Distributed NanoChat (GPU Node)

Use the helper scripts to run TrainNanoChat under torchrun without pulling in a mismatched CUDA module stack:

# default: debug smoke run on 2 GPUs
./scripts/nanochat/run_train_torchrun.sh

# explicit 4-GPU run
NPROC_PER_NODE=4 ./scripts/nanochat/run_train_torchrun.sh \
  --debug --iterations 2 --data data/nanochat --val data/nanochat

# scaling check (1/2/4 GPUs by default)
./scripts/nanochat/bench_distributed.sh

Notes:

run_train_torchrun.sh defaults TORCHRUN_BIN to /grid/it/data/elzar/easybuild/software/Anaconda3/2023.07-2/bin/torchrun.
Override launcher path with TORCHRUN_BIN=/path/to/torchrun.
Override process counts in the benchmark script with SIZES="2 4" (or any space-separated list).

GPU Kernel Parity

The ThunderKittens-style GPU coverage now has a reusable end-to-end parity path centered on seeded fixture generation plus hardware-backed validation:

# Run the current GPU parity suite
./scripts/gpu/test_parity_suite.sh

# Add randomized MHA trials on top of the deterministic suite
RANDOMIZED_MHA_TRIALS=10 ./scripts/gpu/test_parity_suite.sh

Notes:

The suite currently covers copy, rotary, layernorm, flashattn, and mha_h100 entrypoints through the executables declared in lakefile.lean.
PyTorch is the default numerical oracle for fixture generation and parity.
If you have a local vendored ThunderKittens reference runner, set TYR_GPU_VENDORED_REF_RUNNER=/path/to/runner. It will be called as runner <suite-name> <fixture-dir> after each suite and should exit nonzero on mismatch.
This checkout may have an empty thirdparty/ThunderKittens directory; the vendored hook is optional and exists so parity can start paying off before the submodule/runtime reference path is fully wired.

Key Concepts

Shape-Indexed Tensors

The core data type is T s - a tensor type indexed by its shape:

-- T is parameterized by shape (Array UInt64)
def T (s : Shape) : Type := TSpec.type

-- Shape mismatches are compile-time errors
def matmul {a b c : UInt64} (x : T #[a, b]) (y : T #[b, c]) : T #[a, c] := ...

TensorStruct Typeclass

Generic traversal over structures containing tensors:

class TensorStruct (α : Type) where
  map     : (∀ {s}, T s → T s) → α → α
  mapM    : (∀ {s}, T s → m (T s)) → α → m α
  zipWith : (∀ {s}, T s → T s → T s) → α → α → α
  fold    : (∀ {s}, T s → β → β) → β → α → β

Use Vector n α instead of Array α for type-safe zipWith operations.

Data Loading

Two patterns for different use cases:

-- Fixed dimensions (type-safe):
let iter := SequentialBatchIterator.new loader 8 256
let (batch, iter') := iter.next  -- Returns T #[8, 256]

-- Dynamic dimensions:
let iter := BatchIterator.new shard 8 256
let (batch, iter') ← iter.next   -- Returns T #[] (erased)

SafeTensors Type Provider

Tyr includes a Lean command-level type provider for SafeTensors schemas:

import Tyr.SafeTensors

open torch

-- Works with a single .safetensors file or a sharded directory.
-- If `model.safetensors.index.json` exists, introspection follows `weight_map`.
safetensors_type_provider "/path/to/model_dir_or_file" as ModelWeights

def inspectWeights : IO Unit := do
  IO.println s!"discovered tensors: {ModelWeights.tensorCount}"

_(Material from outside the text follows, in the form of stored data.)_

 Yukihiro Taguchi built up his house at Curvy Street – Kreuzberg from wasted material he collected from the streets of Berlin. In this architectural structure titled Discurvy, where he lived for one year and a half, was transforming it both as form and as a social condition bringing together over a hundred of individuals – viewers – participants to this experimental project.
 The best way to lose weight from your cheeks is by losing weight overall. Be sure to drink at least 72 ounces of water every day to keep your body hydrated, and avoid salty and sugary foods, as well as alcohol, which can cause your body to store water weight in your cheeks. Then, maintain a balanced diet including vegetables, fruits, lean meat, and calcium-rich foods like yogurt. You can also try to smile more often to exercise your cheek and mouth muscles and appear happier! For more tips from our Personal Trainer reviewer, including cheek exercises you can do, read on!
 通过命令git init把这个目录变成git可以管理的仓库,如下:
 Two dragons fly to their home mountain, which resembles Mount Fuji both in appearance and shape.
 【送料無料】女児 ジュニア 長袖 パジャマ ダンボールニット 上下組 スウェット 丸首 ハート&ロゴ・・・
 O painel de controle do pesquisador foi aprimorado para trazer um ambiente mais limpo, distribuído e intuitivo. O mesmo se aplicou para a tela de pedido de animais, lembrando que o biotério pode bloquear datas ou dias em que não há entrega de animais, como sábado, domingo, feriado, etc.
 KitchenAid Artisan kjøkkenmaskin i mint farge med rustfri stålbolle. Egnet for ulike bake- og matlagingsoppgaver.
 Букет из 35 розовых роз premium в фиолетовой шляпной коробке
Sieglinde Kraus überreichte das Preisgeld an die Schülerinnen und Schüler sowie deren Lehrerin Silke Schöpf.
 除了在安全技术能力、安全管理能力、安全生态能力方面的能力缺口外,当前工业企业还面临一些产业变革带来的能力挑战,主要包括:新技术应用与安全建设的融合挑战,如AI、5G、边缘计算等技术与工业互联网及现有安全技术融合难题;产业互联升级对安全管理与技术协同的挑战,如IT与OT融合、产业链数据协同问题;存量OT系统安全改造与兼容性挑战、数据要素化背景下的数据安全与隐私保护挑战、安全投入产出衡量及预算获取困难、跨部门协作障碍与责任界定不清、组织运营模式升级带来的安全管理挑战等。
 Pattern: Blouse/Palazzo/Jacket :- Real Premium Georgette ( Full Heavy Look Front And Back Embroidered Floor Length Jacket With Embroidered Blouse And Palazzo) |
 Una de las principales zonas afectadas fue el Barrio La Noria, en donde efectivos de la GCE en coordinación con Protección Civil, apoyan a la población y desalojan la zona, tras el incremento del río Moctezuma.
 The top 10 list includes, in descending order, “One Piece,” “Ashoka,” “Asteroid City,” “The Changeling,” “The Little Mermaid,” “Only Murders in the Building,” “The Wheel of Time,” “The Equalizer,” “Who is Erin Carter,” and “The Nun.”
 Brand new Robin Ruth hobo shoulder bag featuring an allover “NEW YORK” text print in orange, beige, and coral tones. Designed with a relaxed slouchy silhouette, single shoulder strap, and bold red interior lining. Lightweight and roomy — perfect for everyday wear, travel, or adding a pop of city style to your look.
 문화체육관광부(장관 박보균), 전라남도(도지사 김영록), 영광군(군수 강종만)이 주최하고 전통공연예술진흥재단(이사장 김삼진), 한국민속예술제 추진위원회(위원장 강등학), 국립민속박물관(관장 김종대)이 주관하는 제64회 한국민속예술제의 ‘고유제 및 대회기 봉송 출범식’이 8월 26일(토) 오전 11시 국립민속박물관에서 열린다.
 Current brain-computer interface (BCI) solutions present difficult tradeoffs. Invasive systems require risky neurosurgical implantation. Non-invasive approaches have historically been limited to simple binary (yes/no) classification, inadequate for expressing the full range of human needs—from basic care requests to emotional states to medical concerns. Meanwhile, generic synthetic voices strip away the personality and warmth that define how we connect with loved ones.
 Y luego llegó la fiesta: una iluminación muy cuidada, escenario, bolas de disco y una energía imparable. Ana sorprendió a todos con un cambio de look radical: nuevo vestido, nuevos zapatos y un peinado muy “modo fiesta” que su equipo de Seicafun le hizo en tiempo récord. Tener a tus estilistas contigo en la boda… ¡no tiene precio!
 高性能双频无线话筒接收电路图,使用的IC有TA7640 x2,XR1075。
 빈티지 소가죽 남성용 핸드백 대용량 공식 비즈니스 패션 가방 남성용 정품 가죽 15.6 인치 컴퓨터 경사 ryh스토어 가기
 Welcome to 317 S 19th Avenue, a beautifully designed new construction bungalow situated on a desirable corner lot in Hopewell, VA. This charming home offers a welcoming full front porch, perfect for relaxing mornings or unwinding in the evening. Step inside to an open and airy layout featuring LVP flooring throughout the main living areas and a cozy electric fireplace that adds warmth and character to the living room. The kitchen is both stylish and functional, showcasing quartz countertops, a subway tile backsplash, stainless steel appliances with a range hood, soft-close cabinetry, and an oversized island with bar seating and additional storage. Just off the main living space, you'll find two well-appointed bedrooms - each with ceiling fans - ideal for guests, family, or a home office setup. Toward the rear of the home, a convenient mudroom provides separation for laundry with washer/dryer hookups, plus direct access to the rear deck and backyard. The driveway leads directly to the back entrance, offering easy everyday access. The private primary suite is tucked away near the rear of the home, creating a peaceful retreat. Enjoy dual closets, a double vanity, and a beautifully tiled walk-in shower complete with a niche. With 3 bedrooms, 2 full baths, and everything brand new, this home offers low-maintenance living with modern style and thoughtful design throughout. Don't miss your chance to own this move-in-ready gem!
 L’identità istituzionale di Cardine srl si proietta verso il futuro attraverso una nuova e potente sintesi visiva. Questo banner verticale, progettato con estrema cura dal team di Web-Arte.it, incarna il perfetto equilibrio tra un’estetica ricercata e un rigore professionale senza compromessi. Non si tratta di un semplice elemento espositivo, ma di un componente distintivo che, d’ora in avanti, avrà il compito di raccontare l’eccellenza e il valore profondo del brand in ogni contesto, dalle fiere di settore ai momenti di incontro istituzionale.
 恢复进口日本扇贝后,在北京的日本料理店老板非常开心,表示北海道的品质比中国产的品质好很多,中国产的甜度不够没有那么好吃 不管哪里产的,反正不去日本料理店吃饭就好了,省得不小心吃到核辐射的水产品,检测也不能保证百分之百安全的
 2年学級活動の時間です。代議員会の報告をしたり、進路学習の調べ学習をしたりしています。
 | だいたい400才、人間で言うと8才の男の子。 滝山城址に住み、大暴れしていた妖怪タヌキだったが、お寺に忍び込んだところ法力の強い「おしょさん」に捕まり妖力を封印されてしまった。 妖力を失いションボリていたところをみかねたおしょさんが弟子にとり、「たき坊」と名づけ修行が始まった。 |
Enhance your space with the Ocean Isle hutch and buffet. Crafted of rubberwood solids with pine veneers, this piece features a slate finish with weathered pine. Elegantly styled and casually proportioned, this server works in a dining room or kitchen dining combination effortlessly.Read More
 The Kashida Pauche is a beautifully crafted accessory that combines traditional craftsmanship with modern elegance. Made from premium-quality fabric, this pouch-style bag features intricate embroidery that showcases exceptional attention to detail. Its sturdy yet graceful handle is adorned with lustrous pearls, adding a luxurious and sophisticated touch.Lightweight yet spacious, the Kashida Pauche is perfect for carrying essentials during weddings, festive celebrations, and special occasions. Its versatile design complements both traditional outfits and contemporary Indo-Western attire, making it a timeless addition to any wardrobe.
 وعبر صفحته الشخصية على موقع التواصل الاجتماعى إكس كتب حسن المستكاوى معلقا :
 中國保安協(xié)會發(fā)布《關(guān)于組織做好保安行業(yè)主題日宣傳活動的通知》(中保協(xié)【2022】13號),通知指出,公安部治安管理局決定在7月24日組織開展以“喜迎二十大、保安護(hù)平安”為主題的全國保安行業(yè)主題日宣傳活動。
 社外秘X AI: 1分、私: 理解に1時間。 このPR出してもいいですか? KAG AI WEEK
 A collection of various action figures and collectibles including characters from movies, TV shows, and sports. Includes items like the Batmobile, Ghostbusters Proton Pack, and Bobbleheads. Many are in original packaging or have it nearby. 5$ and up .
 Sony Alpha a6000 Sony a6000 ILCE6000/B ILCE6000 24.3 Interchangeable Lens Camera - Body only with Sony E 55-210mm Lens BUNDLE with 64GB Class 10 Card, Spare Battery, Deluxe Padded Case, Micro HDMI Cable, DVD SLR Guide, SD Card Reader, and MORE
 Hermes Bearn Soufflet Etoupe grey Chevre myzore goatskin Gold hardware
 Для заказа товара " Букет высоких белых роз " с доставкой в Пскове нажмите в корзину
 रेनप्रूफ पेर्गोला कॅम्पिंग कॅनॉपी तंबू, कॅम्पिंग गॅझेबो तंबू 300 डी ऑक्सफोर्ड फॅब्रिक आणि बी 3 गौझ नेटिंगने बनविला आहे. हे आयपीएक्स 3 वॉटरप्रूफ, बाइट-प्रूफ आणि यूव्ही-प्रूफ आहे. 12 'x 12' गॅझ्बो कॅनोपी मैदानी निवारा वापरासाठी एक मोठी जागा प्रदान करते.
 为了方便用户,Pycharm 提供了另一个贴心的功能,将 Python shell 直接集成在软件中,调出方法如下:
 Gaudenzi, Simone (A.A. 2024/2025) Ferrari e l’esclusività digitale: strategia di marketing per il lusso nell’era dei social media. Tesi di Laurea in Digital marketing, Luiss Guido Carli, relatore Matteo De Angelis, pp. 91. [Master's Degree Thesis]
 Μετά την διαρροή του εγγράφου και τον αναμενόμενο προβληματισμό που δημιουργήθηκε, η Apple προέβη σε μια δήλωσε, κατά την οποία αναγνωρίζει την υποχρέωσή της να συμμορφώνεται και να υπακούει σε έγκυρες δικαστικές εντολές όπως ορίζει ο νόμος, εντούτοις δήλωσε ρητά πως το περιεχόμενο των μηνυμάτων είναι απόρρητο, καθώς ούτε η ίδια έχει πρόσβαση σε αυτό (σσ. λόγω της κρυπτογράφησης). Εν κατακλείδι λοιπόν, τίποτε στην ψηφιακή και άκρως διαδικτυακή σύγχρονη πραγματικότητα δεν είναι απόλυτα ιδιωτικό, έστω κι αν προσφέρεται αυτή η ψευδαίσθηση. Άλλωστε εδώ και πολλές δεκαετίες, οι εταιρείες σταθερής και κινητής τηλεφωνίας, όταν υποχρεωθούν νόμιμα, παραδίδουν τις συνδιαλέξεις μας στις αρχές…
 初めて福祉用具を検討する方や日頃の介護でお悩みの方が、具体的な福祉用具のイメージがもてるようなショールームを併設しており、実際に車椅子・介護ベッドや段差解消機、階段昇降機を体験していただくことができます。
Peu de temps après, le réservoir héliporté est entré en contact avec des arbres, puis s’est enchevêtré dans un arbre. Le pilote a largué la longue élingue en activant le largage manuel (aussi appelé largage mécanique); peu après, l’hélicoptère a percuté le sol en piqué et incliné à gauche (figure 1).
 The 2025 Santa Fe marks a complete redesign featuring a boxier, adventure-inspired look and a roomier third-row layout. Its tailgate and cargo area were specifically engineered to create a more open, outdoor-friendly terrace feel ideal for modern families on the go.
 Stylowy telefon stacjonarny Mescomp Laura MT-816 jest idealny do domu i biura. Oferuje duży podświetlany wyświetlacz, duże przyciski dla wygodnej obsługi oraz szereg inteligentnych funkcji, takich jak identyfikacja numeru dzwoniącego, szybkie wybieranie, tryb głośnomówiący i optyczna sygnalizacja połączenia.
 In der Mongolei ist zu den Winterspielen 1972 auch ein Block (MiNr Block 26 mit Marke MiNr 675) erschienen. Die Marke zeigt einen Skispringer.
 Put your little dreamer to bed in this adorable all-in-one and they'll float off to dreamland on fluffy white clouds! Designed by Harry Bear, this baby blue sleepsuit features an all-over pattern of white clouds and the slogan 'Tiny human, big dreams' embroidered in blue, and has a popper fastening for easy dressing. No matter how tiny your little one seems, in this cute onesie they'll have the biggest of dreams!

  -- Per-tensor typed loader + typed schema metadata
  let tokEmbed ← ModelWeights.load_model_embed_tokens_weight
  IO.println s!"embed dtype: {ModelWeights.model_embed_tokens_weightSpec.dtype}"
  IO.println s!"embed shape: {tokEmbed.runtimeShape}"

  -- Hierarchical aggregate generated from tensor names
  let weights ← ModelWeights.loadAll
  let qProj := weights.model.layers[0]!.self_attn.q_proj.weight
  IO.println s!"q_proj shape: {qProj.runtimeShape}"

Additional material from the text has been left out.